Today, through the Healthy Green Campus project, Rodgers and her team are working to engage more campuses. “By raising awareness of the link between toxic chemicals and health on college campuses, we hope to inspire students and schools to create healthy and productive learning environments.”

A Strategy For A Healthier Future

In 2017, SSI published their critical research on flame retardants found in college dorms in the Journal of Environmental Science & Technology. That same year, Rodgers testified before the U.S. Consumer Product Safety Commission in support of a petition, led by the nonprofit law firm Earthjustice, to eliminate an entire class of flame retardants from children’s products, mattresses, upholstered furniture, and electronics. The CPSC ultimately voted in favor of the petition, representing a huge victory for public health.

And, since college students appear to be highly exposed to flame retardants, SSI and friends have fired up more young leaders to embrace new practices that eliminate these chemicals on campus. Thus far, Rodgers and her team have advised six colleges on how to eliminate and reduce exposures to flame retardants.

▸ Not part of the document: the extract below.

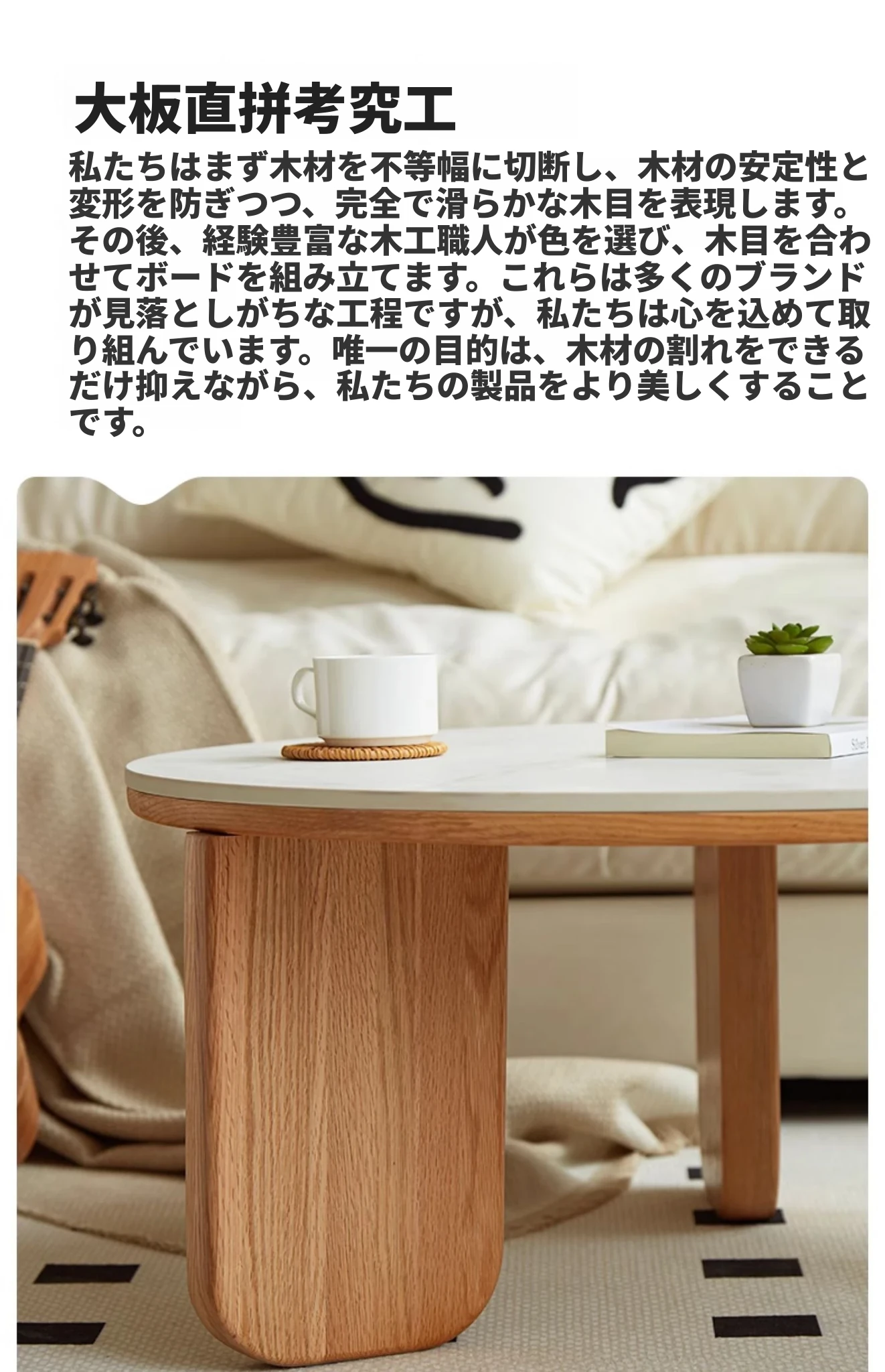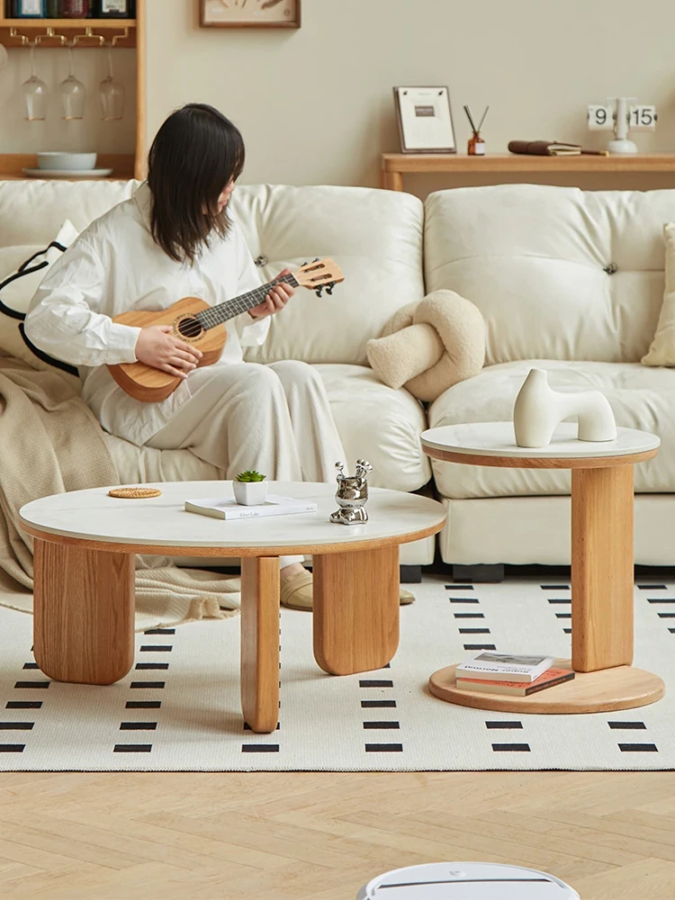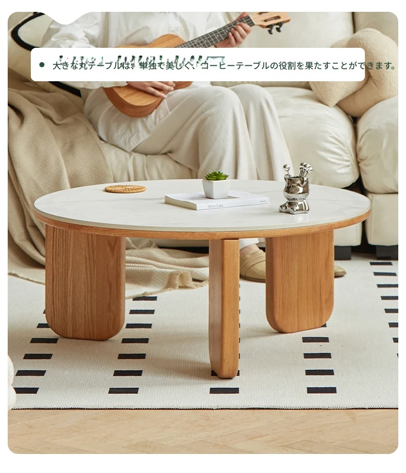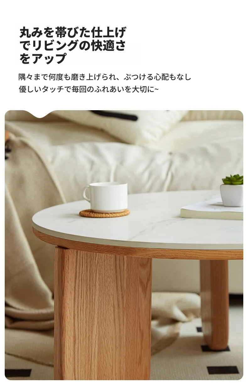 北欧風デザインの無垢材ロックテーブル - 小さなお部屋にぴったりなモダンでシンプルなサイドテーブル、円形のコンビネーションでおしゃれなティータイムを演出!

SSI is also targeting a class of highly fluorinated chemicals called PFASs on college campuses. These harmful chemicals are used in a wide range of consumer products from stain-resistant textiles to grease-proof food packaging. Instead of going after one toxic chemical at a time, Rodgers and her collaborators are also approaching them as a class. “It’s the best way to prevent the chemical industry from simply swapping out one toxic relative for another,” says Rodgers.

Translating science into policy to protect human health is what the scientists at SSI strive to do every day—it’s what they do best. “At the end of the day, we all have the right to live in a healthy environment where no one gets sick from toxic chemicals,” says Rodgers.

Instead of going after one toxic chemical at a time, Rodgers and her collaborators are also approaching them as a class. “It’s the best way to prevent the chemical industry from simply swapping out one toxic relative for another,” says Rodgers.

The RESULTS!

Thanks to SSI’s work in educating Massachusetts fire safety officials about the health risks associated with flame retardants, in 2015 the state updated its fire safety code just as California had. When the City of Boston didn’t follow suit, Rodgers along with Clean Water Action and local firefighters, brought together community organizations, furniture manufacturers, and hospital groups, to testify before the City Council. Using SSI’s research, they persuaded the city councilors to update Boston’s fire code in 2016. This opened the door for Harvard to implement new procurement policies mandating flame retardant-free furniture and furnishings on campus. SSI estimates that for every college classroom that switches to flame retardant-free furniture, approximately 125,000 students will be spared exposure to these harmful chemicals.